This press release contains “forward-looking statements” within the meaning of Section 27A of the United States Securities Act of 1933, as amended, Section 21E of the United States Exchange Act of 1934, as amended,  the United States Private Securities Litigation Reform Act of 1995, or in releases made by the United States Securities and Exchange Commission, all as may be amended from time to time, and “forward-looking information” under the provisions of applicable Canadian securities legislation, concerning the business, operations and financial performance and condition of Goldcorp. Forward-looking statements include, but are not limited to, statements with respect to the anticipated benefits of the acquisition of Exeter to Goldcorp, the  number of Goldcorp shares to be issued, timing and anticipated receipt of regulatory and shareholder approvals for the Offer, the ability of the parties to satisfy conditions of and to complete the Offer within the times specified, the development of the Caspiche project, the future price of gold, silver, copper, lead and zinc, the estimation of Mineral Reserves (as defined below) and Mineral Resources (as defined below), the realization of Mineral Reserve estimates, the timing and amount of estimated future production, costs of production, targeted cost reductions, capital expenditures, free cash flow, costs and timing of the development of new deposits, success of exploration activities, permitting time lines, hedging practices, currency exchange rate fluctuations, requirements for additional capital, government regulation of mining operations, environmental risks, unanticipated reclamation expenses, timing and possible outcome of pending litigation, title disputes or claims and limitations on insurance coverage. Generally, these forward-looking statements can be identified by the use of forward-looking terminology such as “plans”, “expects” , “is expected”, “budget”, “scheduled”, “estimates”, “forecasts”, “intends”, “anticipates” , “believes”, or variations or comparable language of such words and phrases or statements that certain actions, events or results “may”, “could”, “would”, “should”, “might” or “will be taken”, “occur” or “be achieved” or the negative connotation thereof.

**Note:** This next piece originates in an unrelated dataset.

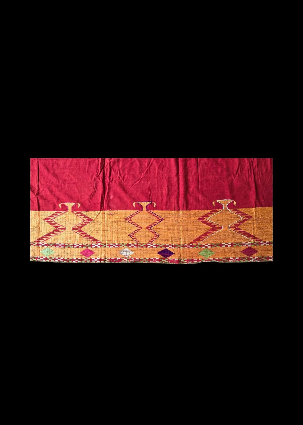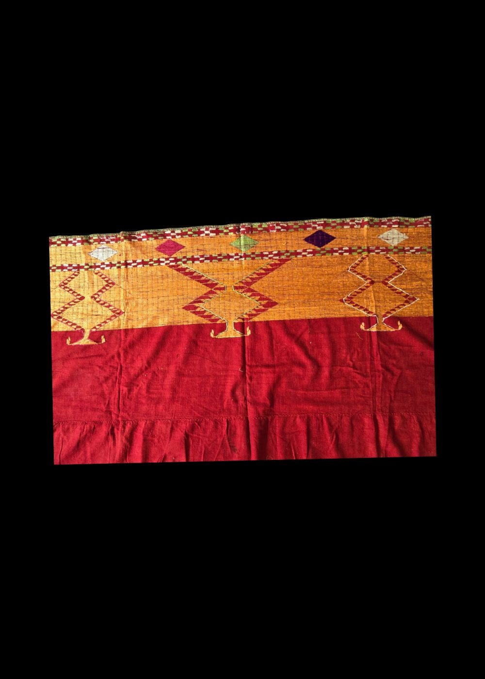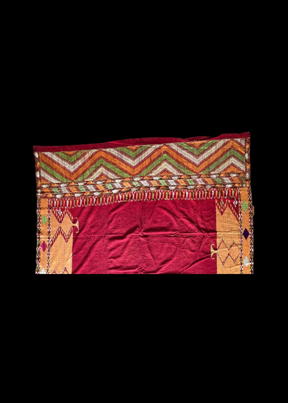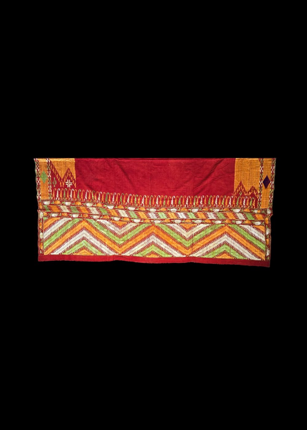 This vibrant textile showcases the traditional Bagh style of Phulkari embroidery, meticulously hand-stitched on coarse khaddar fabric. Dominated by a rich red field, the piece is framed by geometric borders in yellow, green, white, and purple threads, forming symmetrical zigzag and diamond motifs. The dense embroidery, covering nearly the entire surface, reflects the ceremonial grandeur and cultural heritage of Punjab, where such textiles were often gifted during weddings and festive occasions.

Forward-looking statements are necessarily based upon a number of factors and assumptions that, if untrue, could cause the actual results, performances or achievements of Goldcorp to be materially different from future results, performances or achievements expressed or implied by such statements. Such statements and information are based on numerous assumptions regarding present and future business strategies and the environment in which Goldcorp will operate in the future, including the price of gold, anticipated costs and ability to achieve goals. In respect of the forward-looking statements concerning the anticipated completion of the proposed Offer and the anticipated timing for completion of the Offer, Goldcorp has provided them in reliance on certain assumptions that they believe are reasonable at this time. Certain important factors that could cause actual results, performances or achievements to differ materially from those in the forward-looking statements include, among others, gold price volatility, discrepancies between actual and estimated production, Mineral Reserves and Mineral Resources and metallurgical recoveries, mining operational and development risks, litigation risks, regulatory restrictions (including environmental regulatory restrictions and liability), changes in national and local government legislation, taxation, controls or regulations and/or change in the administration of laws, policies and practices, expropriation or nationalization of property and political or economic developments in Canada, the United States and other jurisdictions in which the Company does or may carry on business in the future, delays, suspension and technical challenges associated with capital projects, higher prices for fuel, steel, power, labour and other consumables, currency fluctuations, the speculative nature of gold exploration, the global economic climate, dilution, share price volatility, competition, loss of key employees, additional funding requirements and defective title to mineral claims or property. Although Goldcorp believes its expectations are based upon reasonable assumptions and has attempted to identify important factors that could cause actual actions, events or results to differ materially from those described in forward-looking statements, there may be other factors that cause actions, events or results not to be as anticipated, estimated or intended.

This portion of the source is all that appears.